Communism passed away at the end of 1991, no substantial book on Russian and Soviet sports history has been published in Russia. Instead, propagandist and sensationalist texts continue to appear, often written by the same sports bureaucrats who dominated sports history in Soviet times. See, for example, Vladimir Rodichenko, Olimpiyskaya ideya dlya Rossii [The Olympic Idea for Russia] (Rodichenko 1998). The author is Vice-President of the Russian Olympic Committee and, in Soviet times, was Deputy Sports Minister.
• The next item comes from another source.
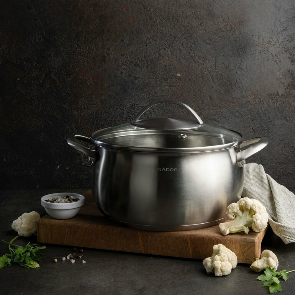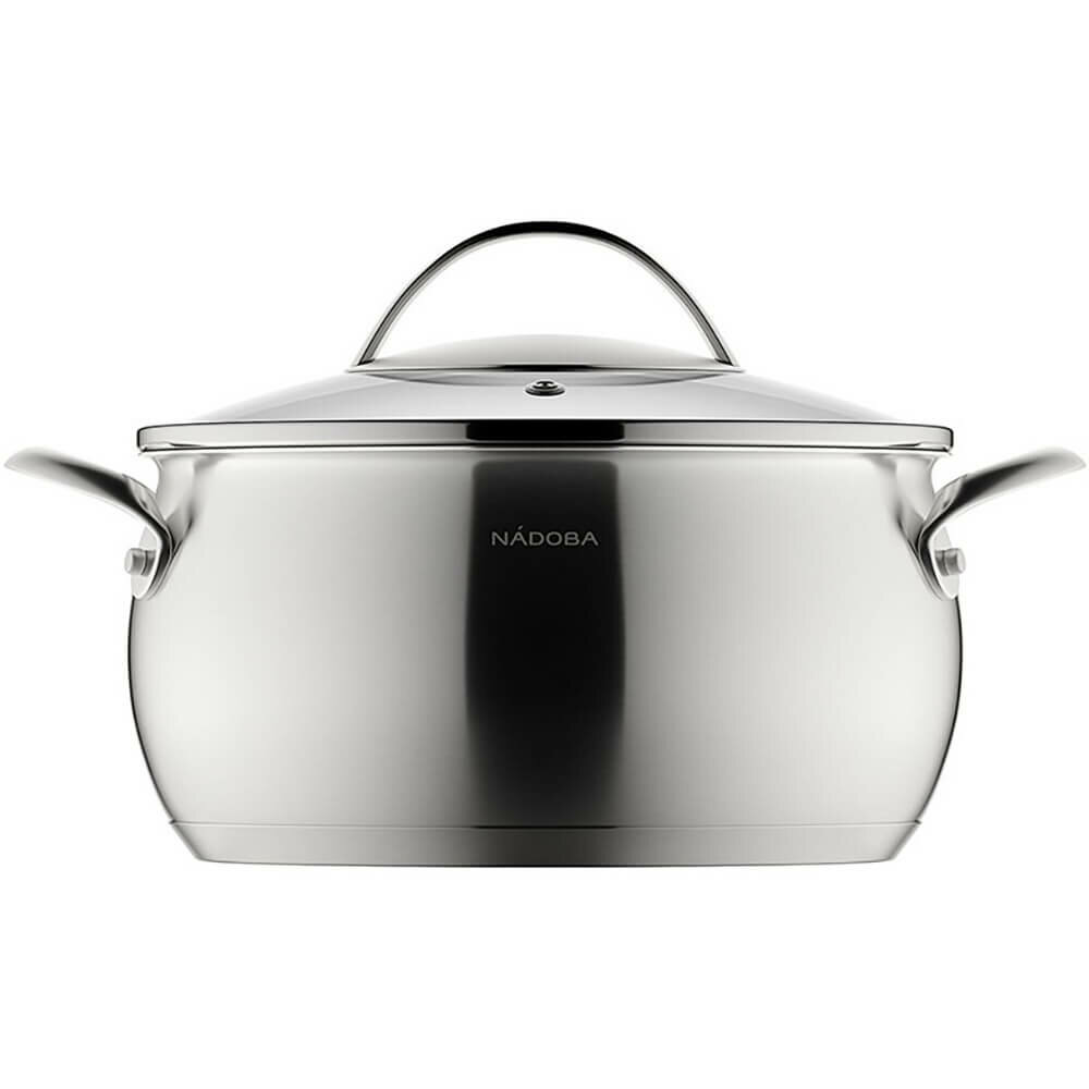 Кастрюля со стеклянной крышкой включает в себя следующий набор посуды из 2 предметов. маленькая кастрюля, объем – 2,1 л; крышка, диаметр – 18 см. Кастрюля выполнена из высококачественной нержавеющей стали 18/10 без эмалированного покрытия, толщина стенок корпуса кастрюли составляет 0,6 мм, что придает набору посуды особую прочность и устойчивость к воздействию кислот и щелочей. Трехслойное капсульное дно алюминиевой кастрюли «нержавеющая сталь – алюминий – нержавеющая сталь» способствует равномерному распределению тепла по дну посуды и обеспечивает быстрый равномерный нагрев пищи, предотвращая её пригорание. На внутренних стенках кастрюли с толстым дном нанесена маркировка литража для легкого определения необходимого объёма воды и продуктов. Крышка кастрюли из нержавеющей стали выполнена из закаленного стекла, за счет чего она обладает повышенной механической прочностью и термостойкостью. Преимущество использования посуды NADOBA заключается в том, что данная кастрюля с толстым дном подходит для любого типа плиты – для газовой, для индукционной плиты, электрической и других. Кастрюли и крышки можно мыть как вручную, так и в посудомоечной машине. Товары для дома и кухни и кухонные принадлежности можно преподносить в качестве подарков на праздники и торжества, в том числе на новоселья, набор посуды упакован в подарочную коробку с ручкой. Предупреждение: изделия не предназначены для использования в духовке. Гарантия – 10 лет.
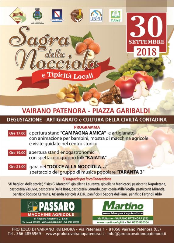 A Vairano Patenora in provincia di Caserta si svolge nella giornata di Domenica 30 Settembre 2018 la Sagra della Nocciola , dove degustazioni artigianato e cultura della civiltà contadina saranno di casa.

At the same time, the new capitalist market contains a number of biographies of sports personalities (including of the football star, Eduard Streltsov, contentiously sentenced for rape in the late 1950s) and sensationalist exposures of the sinister side of Soviet sporting

activities, such as Mikhail Prozumenshchikov’s book, Bolshoi sport i bolshaya politika [Big-Time Sport and Big-Time Politics] (Prozumenshchikov 2004). An impassable barrier for most Western students of sport is language. Very few

Western sports scholars speak Russian (most speak only their native language). Western historians who do speak foreign languages have tended to regard sport as a non-serious area of research (as my old university professor used to say, ‘Sports research is something to do in your spare time, like wine-making’!). Happily, times are changing. Those sports historians who have devoted their research to Russian sport, working inside Russian society and in the archives, have discovered a rich heritage that, importantly, provides unique contributions to wider historical debates. For example, the American Robert Edelman has written of the novel role played by mass

spectator sport in a totalitarian society, thereby exposing the issues and debates surrounding the politics of popular culture. In his ground-breaking book, Serious Fun: A History of Spectator Sports in the USSR (Edelman 1993), he concentrates on the Soviet public’s consumption of sporting spectacles, what Soviet people chose to watch, not what the government tried to promote. In a more recent book, Mike O’Mahony, Sport in the USSR: Physical Culture – Visual Culture (Mahony 2006), examined Soviet sport as represented in the visual arts (mainly painting and sculpture), looking at the complex relationship between sport as an officially approved social practice and as a subject for cultural production. This emphasis on sport with these media highlights a significant departure fromWestern conventional practices. The major thrust of my own research has been sociological and political, emphasizing

the importance of sport for nation-building in modernizing societies. As I write in my preface to Soviet Sport: Background to the Olympics:

Western commercialised sports on the one hand and the gentlemanly dictum “sport for sport’s sake” on the other are often looked upon as entirely unsuitable (in modernising societies). Sport in… the Soviet Union is a serious business, with serious functions to perform: it is associated with health, hygiene, defence, patriotism, integration, productivity, international recognition, even nation-building. The Soviet experience of sports development may have more relevance to cultural revolutions in the emergent nations of Africa, Asia and Latin America than does our own.